Mal: Which one you figure tracked us? Zoe: The ugly one, sir. Mal: Could you be more specific?

'Out Of Gas'


Literary Buffistas 3: Don't Parse the Blurb, Dear.

There's more to life than watching Buffy the Vampire Slayer! No. Really, there is! Honestly! Here's a place for Buffistas to come and discuss what it is they're reading, their favorite authors and poets. "Geez. Crack a book sometime."


brenda m - Apr 12, 2008 9:55:08 am PDT #5463 of 28344
If you're going through hell/keep on going/don't slow down/keep your fear from showing/you might be gone/'fore the devil even knows you're there

I dislike hardcovers immensely. There has to be a really compelling reason for me to consider buying one, even at a sale.


Amy - Apr 12, 2008 9:58:03 am PDT #5464 of 28344
Because books.

Really? I know they take up more room, but they seem so much more ... permanent and long-wearing.

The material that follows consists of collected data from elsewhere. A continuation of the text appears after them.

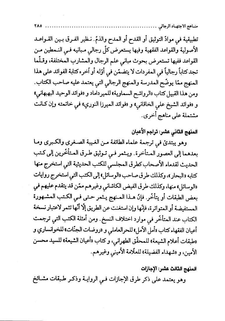 نام کتاب : الإجتهاد والتقليد في علم الرجال، وأثره في التراث العقائدي، دراسة نقدية لمدرسة النجاشي نویسنده : الشيخ محمد السند البحراني جلد : 1 صفحه : 285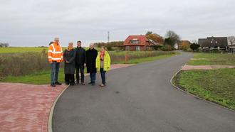 (Bürgermeisterin Claudia Dettmar-Müller, Ortsbürgermeister Michael Buhr, Frank Juchert und Simone Paton (SEB) sowie Karlheinz Krüger (Stadt Bergen) in dem neuen Baugebiet Sülze Waldhof
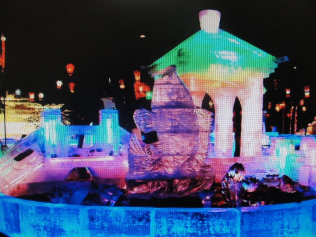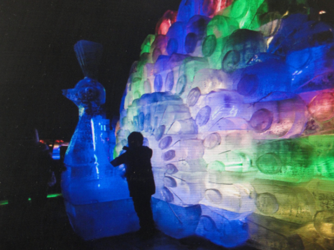 放假了,我们一家到西宁的叔叔家玩,爸爸妈妈和叔叔去了亲戚家,我和妹妹就来到西宁人民公园,正好赶上公园的冰雕展。真美丽的冰雕啊,宫殿似的大冰雕,周围有许多的花盆。花盆里有许多的美丽的花,而那些花就是来装饰那个宫殿似的大冰雕的。晶莹剔透的大冰雕在花朵的衬托下,显得格外美丽。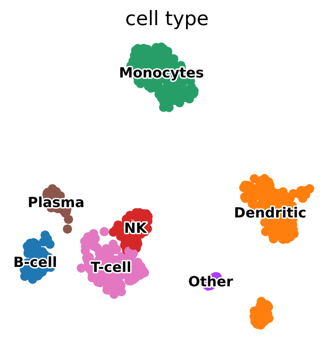 pbmc.obs["cell type"] = pbmc.obs["clusters"].map(cluster2annotation).astype("category")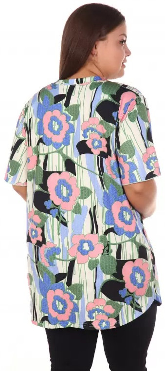 От туники я в восторге, нигде не обтягивает. Специально брала размер побольше свободная как сейчас модно оверсайз. Длинна нормальная все прикрывает. На лето вообще прекрасно.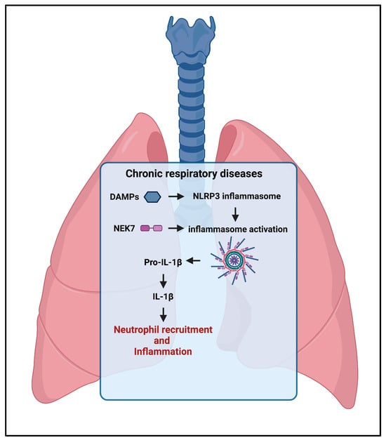 The inflammasome plays a crucial role in the pathogenesis of acute and chronic respiratory diseases [77]. As in other organ-specific disorders, the NLRP3 inflammasome is first activated by microbial agents, then followed by a second signal that can be triggered by a wide range of factors acting as DAMPs such as extracellular ATP, toxins, RNA viruses, ion flow, mitochondrial dysfunction, ROS, or lysosomal damage, all occurring during pulmonary inflammation.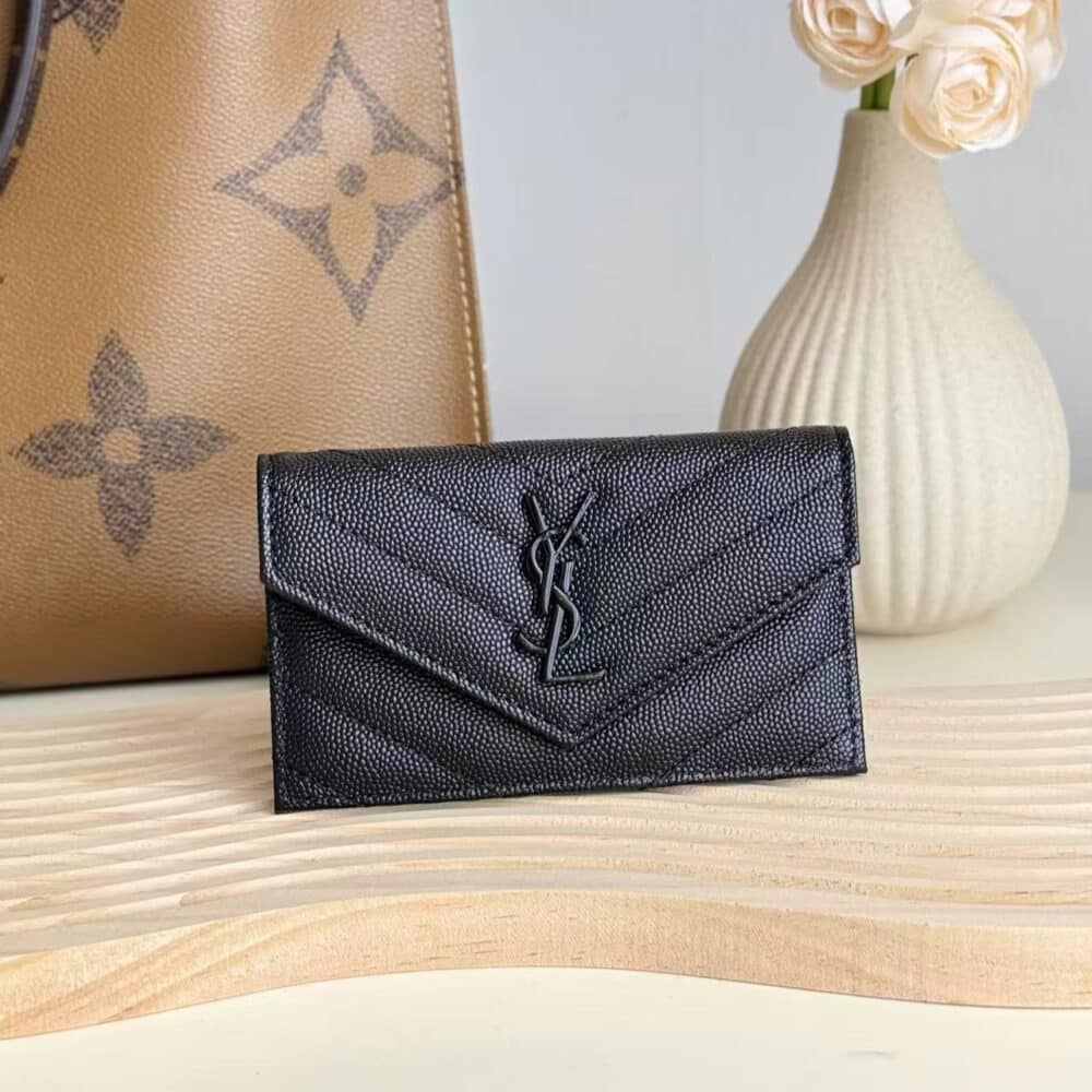 YSL Wallet in Grained Leather Black Hardware 13cm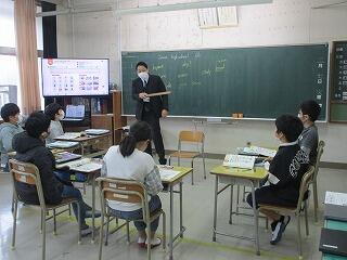 担任の先生と一緒に外国語の勉強をがんばっていました。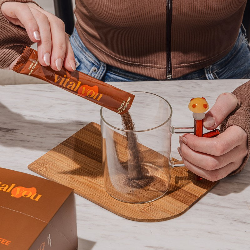 Kickstart your day with our luxurious Mushroom Coffee, crafted from premium Colombian beans and infused with organic mushrooms like Cordyceps and Lion's Mane. Boost immunity and focus with every rich, guilt-free sip. Just 36 calories per cup—pure vitality in your morning mug.

brenda m - Apr 12, 2008 10:01:59 am PDT #5465 of 28344
If you're going through hell/keep on going/don't slow down/keep your fear from showing/you might be gone/'fore the devil even knows you're there

Yeah, but they're so much more uncomfortable to read and carry around. I do like trades, though, as a sort of more substantial seeming happy medium.


Dana - Apr 12, 2008 10:34:32 am PDT #5466 of 28344
I'm terrifically busy with my ennui.

Hardcovers don't fit in a purse, and it's hard to take three hardcovers with you for a weekend trip.

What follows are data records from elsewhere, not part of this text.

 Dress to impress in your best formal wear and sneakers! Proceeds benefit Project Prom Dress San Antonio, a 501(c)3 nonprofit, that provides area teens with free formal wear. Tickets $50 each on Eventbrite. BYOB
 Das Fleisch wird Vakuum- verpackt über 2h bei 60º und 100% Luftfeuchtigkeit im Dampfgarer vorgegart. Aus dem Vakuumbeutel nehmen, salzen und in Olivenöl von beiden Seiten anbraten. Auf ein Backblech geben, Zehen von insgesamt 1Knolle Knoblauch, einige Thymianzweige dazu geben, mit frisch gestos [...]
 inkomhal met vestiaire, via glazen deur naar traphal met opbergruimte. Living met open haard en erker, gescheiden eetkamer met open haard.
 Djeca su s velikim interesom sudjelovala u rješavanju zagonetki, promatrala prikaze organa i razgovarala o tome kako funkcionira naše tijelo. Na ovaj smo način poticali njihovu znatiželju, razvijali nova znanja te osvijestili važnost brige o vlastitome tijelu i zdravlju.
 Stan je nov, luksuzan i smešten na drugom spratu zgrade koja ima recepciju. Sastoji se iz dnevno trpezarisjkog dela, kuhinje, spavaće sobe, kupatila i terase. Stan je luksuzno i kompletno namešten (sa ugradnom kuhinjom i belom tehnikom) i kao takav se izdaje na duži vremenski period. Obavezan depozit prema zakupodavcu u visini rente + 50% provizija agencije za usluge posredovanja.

sj - Apr 12, 2008 10:39:59 am PDT #5467 of 28344
"There are few hours in life more agreeable than the hour dedicated to the ceremony known as afternoon tea."

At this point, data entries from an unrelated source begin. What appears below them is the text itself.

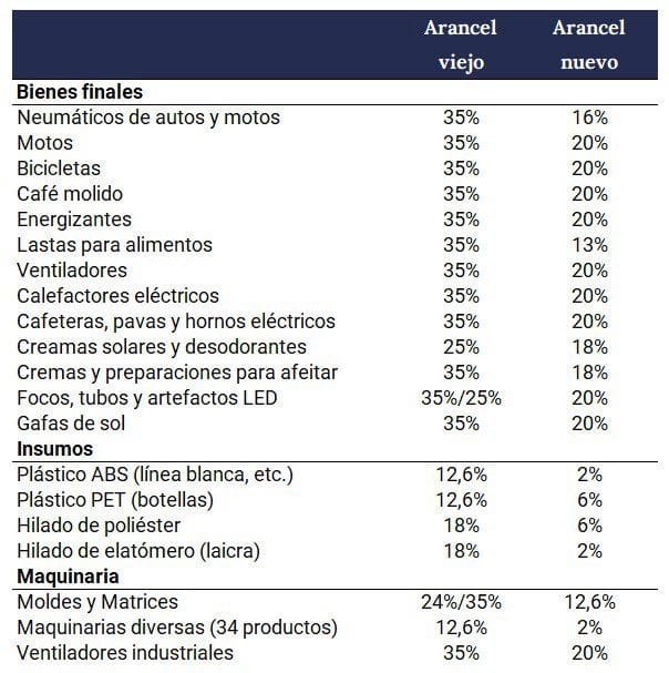 Entre todo el listado de bienes impactados por la baja impositiva se encuentran las latas para alimentos, el plástico para botellas, la licra y el poliéster de la industria textil, neumáticos y algunos electrodomésticos como luces LED, cafeteras, pavas y hornos eléctricos. Dada la cercanía con la vida cotidiana de estos productos, el Gobierno aguarda que esto se sienta en el bolsillo con precios más bajos.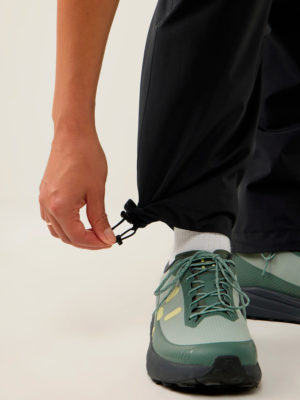 15 000 mm vesipilari pitää kosteuden ulkona myös sateisissa olosuhteissa, ja 15 000 g/m²/24h hengittävyys auttaa siirtämään kosteutta pois iholta aktiivisessa liikkeessä. Muotoillut polvet parantavat liikkumisvapautta vaativassa maastossa, ja säädettävät lahkeensuut mahdollistavat hyvän istuvuuden vaelluskenkien kanssa.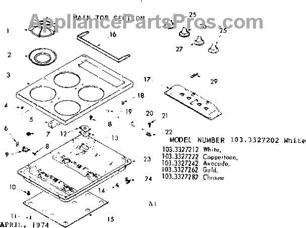 Parts for Kenmore 103.3327222 (1033327222, 103 3327222): Main Top Section Parts
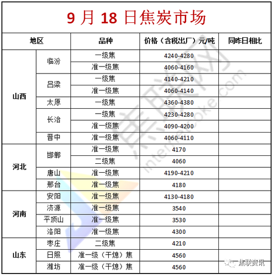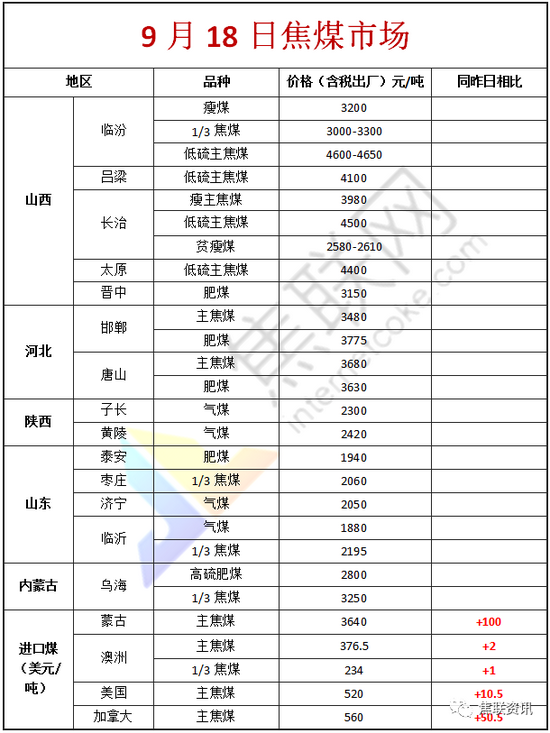 原标题:【焦联资讯】9月18日焦企看涨心态下滑 焦煤调整节奏放缓 市场观望情绪较浓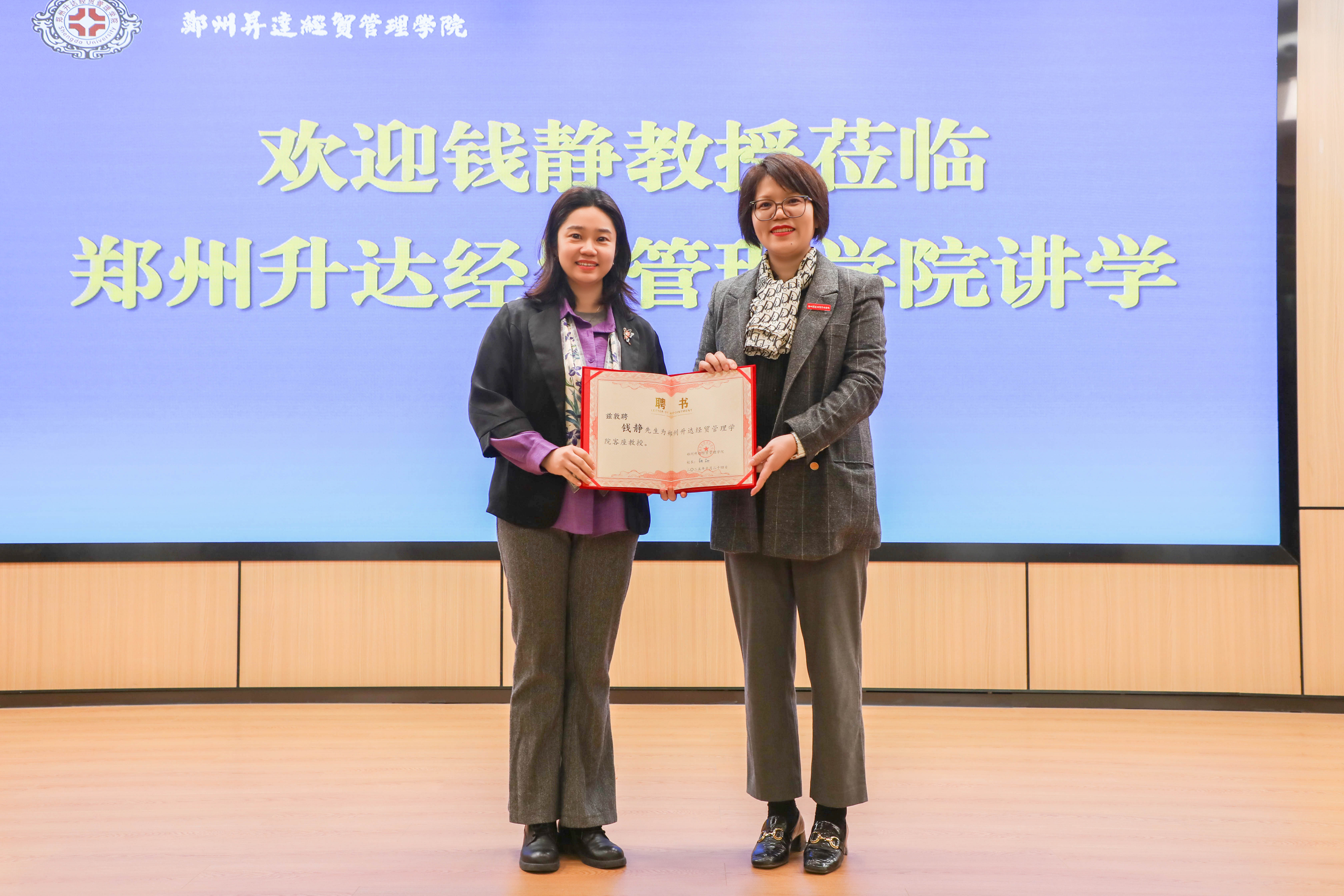 在讲座开始前,校长张欣教授为钱静教授颁发客座教授聘书,对其莅校指导讲学表示热烈欢迎,并希望今后她能有更多的时间来升达指导交流工作。

There were two books in question and I decided to get rid of one and keep the other. Thanks for helping me make the decision!

I have another sort of odd book question. Does anyone have an absolute favorite bookcase for storing mass market paperbacks, so that they can be stacked on their sides to maximize space?


Atropa - Apr 12, 2008 10:59:27 am PDT #5468 of 28344
The artist formerly associated with cupcakes.

I'm of the all-one-type school. All hardcovers, or all trades, or all mass-markets, whichever.

See, I don't care. Of course, I have a different problem, which is if I find a different edition of one of my favorite books, I feel compelled to own it. Let us not speak of how many different versions of Something Wicked This Way Comes are sitting on my bookshelves. Let's just say that every time I go to Powell's, I go to the rare book room to ogle the 1st edition hardback of Dark Carnival (the original title of SWTWC). Someday it will be mine. Someday.


Laga - Apr 12, 2008 11:01:35 am PDT #5469 of 28344
You should know I'm a big deal in the Resistance.

One of my Harry Potter books is large print and it kind of bugs me (it was the only one they had!) but not enough to buy a replacement.


sj - Apr 12, 2008 11:02:51 am PDT #5470 of 28344
"There are few hours in life more agreeable than the hour dedicated to the ceremony known as afternoon tea."

I have a different problem, which is if I find a different edition of one of my favorite books, I feel compelled to own it.

I have this problem too. TCG never questions my book obsession, except for questioning just how many different editions of Middlemarch one person needs.


erikaj - Apr 12, 2008 12:37:28 pm PDT #5471 of 28344
Always Anti-fascist!

my collection is so haphazard. except the forensic books...they don't come in paperback, and could be used as the most ironic weapons ever.


Sue - Apr 12, 2008 2:56:33 pm PDT #5472 of 28344
hip deep in pie

I have no book fetishes. No that's not true. I would love to find LM Montgomery's books in the first edition that I read them in. Also, I hate musty books. So if choosing between editions in a used book store, I will always pick the newest one. And you will often see me smelling books to see if they would drive me crazy when I read them. I look at leather bound books and only see future red rot.

When I was a small child I was very aware that library books pass through many hands and was pretty much compulsive about washing my hands after touching library books.